• Work request
Reproduction of part of the material below, pictures omitted: copy exactly, and only, the lines starting with the one with "Her kan du finde" and going on through the one with "The video opens".
═════ Data supplied
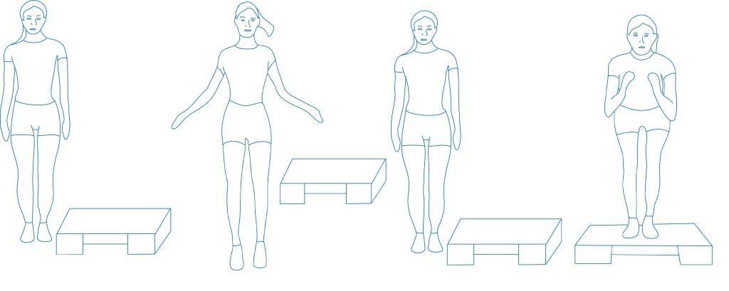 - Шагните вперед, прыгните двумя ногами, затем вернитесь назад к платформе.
══════════
═════ Data supplied
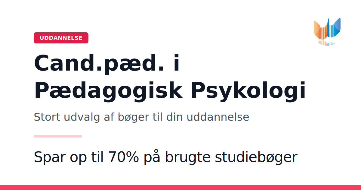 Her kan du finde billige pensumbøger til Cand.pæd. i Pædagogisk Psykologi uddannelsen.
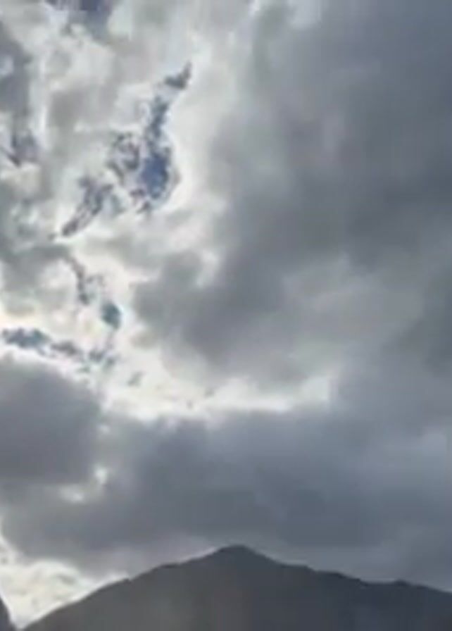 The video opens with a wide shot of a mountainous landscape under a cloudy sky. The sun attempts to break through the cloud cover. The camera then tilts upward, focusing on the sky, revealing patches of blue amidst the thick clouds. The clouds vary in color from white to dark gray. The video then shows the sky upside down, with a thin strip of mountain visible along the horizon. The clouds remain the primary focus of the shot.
══════════
• Completed task
 Her kan du finde billige pensumbøger til Cand.pæd. i Pædagogisk Psykologi uddannelsen.
 The video opens with a wide shot of a mountainous landscape under a cloudy sky. The sun attempts to break through the cloud cover. The camera then tilts upward, focusing on the sky, revealing patches of blue amidst the thick clouds. The clouds vary in color from white to dark gray. The video then shows the sky upside down, with a thin strip of mountain visible along the horizon. The clouds remain the primary focus of the shot.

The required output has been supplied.